Thursday, August 9, 2012

DAY 10: Schrödinger's Cat vs. The Little Frog


So, after flummoxing about last night, trying to find the border in total darkness, this morning we made one of those "Hmmnuuuuh!" discoveries (where "hmmnuuuuh!" roughly translates as "What a pair of dumbass tourists!").

Cycling about 20m to the end of the road from our pensjon, we found ... wait for it ... a bridge! It was about 50m long and it went straight over the river and into the centre of Görlitz.

Scott Goes to Poland
Görlitz-Zgorzelec Bridge, Germany/Poland, 09.08.12

So we cycled over to Germany for coffee (I don't think I'll ever get sick of saying that*) in a brilliantly decorated, slightly rundown and cavernous cafe restaurant. What a life, eh?

Cavernous and Full of Coffee
Görlitz, Germany, 09.08.12

On the way into town, we discovered a rather curious fact: namely, that the endlessly entertaining Jesus of Nazareth is alive and well, and has been baking bread and cakes in a German town this whole time. Either that, or he did die and then bugger off to heaven for a while, but now (much in the manner of, say, Jason the Texas Chainsaw Guy), he's back.
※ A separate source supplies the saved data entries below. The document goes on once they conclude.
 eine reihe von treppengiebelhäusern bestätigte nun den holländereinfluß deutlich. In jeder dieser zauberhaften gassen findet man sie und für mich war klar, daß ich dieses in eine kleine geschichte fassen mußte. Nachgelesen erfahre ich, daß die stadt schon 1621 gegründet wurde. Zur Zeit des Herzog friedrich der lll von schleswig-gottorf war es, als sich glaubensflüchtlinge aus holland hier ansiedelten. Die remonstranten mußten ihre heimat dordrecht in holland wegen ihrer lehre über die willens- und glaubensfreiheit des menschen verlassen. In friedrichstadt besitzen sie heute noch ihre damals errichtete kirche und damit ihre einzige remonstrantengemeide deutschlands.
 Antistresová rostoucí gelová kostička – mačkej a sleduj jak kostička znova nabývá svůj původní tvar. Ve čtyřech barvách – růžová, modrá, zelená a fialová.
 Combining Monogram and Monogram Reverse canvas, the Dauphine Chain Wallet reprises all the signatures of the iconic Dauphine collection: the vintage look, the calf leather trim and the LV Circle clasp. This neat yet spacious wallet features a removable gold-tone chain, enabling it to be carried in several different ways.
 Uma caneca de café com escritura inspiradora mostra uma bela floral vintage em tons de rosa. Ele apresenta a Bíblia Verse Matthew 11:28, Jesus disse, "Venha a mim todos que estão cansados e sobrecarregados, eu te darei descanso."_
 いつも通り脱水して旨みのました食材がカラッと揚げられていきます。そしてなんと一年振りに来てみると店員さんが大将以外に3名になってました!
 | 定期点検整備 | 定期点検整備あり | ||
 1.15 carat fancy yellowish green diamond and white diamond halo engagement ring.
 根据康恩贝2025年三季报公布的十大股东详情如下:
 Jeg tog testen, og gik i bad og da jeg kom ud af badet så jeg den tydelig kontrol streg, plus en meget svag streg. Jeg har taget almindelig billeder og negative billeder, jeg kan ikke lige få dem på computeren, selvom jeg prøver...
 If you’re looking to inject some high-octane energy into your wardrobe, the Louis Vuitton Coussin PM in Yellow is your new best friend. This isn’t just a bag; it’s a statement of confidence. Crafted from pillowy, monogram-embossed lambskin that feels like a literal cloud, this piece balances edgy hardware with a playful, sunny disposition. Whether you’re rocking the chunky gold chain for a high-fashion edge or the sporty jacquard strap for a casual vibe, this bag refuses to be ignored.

Why German Bread Tastes So Divine
Görlitz, Germany, 09.08.12
Suitable caffeinated, we then took off in the direction of a city called Jelenia Gora, which is about 65km from Zgorzelec. Didn't expect to get all the way there, because it's a long way and we'd started quite late. But there were a number of towns on the way where we could stop and find accommodation for the night if we needed to.
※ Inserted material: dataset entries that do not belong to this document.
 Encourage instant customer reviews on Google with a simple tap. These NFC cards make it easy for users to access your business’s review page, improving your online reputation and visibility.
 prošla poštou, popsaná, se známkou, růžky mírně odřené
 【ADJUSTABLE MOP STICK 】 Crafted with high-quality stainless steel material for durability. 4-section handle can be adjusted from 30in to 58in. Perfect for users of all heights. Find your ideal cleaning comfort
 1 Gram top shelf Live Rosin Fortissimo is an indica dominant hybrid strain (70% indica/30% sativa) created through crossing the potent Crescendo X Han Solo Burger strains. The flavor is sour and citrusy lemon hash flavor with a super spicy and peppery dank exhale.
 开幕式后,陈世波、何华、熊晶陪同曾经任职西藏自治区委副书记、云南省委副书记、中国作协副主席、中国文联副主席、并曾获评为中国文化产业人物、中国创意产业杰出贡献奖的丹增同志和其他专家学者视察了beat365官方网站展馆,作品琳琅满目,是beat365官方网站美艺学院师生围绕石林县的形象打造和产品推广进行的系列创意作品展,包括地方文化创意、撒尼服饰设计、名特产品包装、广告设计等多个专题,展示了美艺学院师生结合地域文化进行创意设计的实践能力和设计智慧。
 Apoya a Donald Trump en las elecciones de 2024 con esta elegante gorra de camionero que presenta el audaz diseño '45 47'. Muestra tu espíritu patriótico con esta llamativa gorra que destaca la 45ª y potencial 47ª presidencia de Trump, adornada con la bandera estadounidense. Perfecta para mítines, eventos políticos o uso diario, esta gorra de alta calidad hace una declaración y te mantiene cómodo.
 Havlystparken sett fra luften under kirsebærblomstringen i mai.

The first 24km were awesome: wide panoramas of spacious open fields, a couple of quirky villages (including one which contained a post office that seemed to have its own tomato patch), and a zippy downhill ride through lush green valleys which were among the most beautiful I've seen in this generally rather picturesque country. 

We then approached the little town of Luban, and this, sadly, was where the smooth run ended. Just before the turn-off into the town centre, Scott's rear wheel axle snapped in two, rendering his bike pretty much useless as anything other than a poor man's ginko** machine. Luckily there was a bike repair shop in the centre of Luban, but it was closed. So we found a cute, cheap little hotel on the town's outskirts and settled in.

Little Frog
Luban, Poland, 09.08.12
I taught a Skype lesson at 8pm, and then decided to go into the centre to try and grab some food, since we'd sort of forgotten about dinner with all the other stuff that had been going on. When I got there, everything was closed except the Źabka (it means "little frog", and it's a convenience store chain that's all over the country), so it was dinner from plastic packets for the second night in a row. 

(Btw, I'm posting the Źabka photo here mainly because I think the little frog is really cute :-)


Much worse than that, though, I had to make the journey on foot, because earlier I'd left my bicycle in the back yard of the hotel, and when I went into the yard to get it, it had disappeared. I looked around for ages, thinking the bike had been moved to make way for an incoming car, but nope: completely gone.

So now it's 11pm, there's no light in the locked reception area (i.e. no-one to ask about missing bikes), and I've got a big ol' Schrödinger's cat on my lap. Either the owners have put the bike into their garage to make sure it isn't stolen (they mentioned something about a garage when we arrived, but they were speaking Polish so I didn't understand much), or it already has been stolen. 


If it's the second one, it means we've gone from having two more or less working bikes to having one broken one between us, in the space of a single day. And that, of course, means our cycling trip is over. 

At this point, I just hope I can sleep. 

Good night!



** Not sure why borders fascinate me so much. Maybe because I was born in Australia, where there basically aren't any. (Well, there is one, but it's, y'know, The Pacific Ocean. Kind of a different thing.) Or maybe it's because I've spent most of the last seven years in 'visa countries', where crossing a border is a big deal and often involves quite a bit of bureaucracy, or at least a lot of suspicious looks from armed guards. D'know. 

** ginko = a Japanese form of gambling which involves big yellow machines full of silver balls that rattle and roll around madly, before some of them are spat out into a plastic cup – much like the ball-bearings inside a broken bicycle wheel, which rattle and roll around madly before spitting themselves out onto the road. The major difference is that it's quite possible to understand the bicycle ball-bearing system without being Japanese, whereas the principles underlying ginko are – at least to me – utterly beyond a foreigner's comprehension.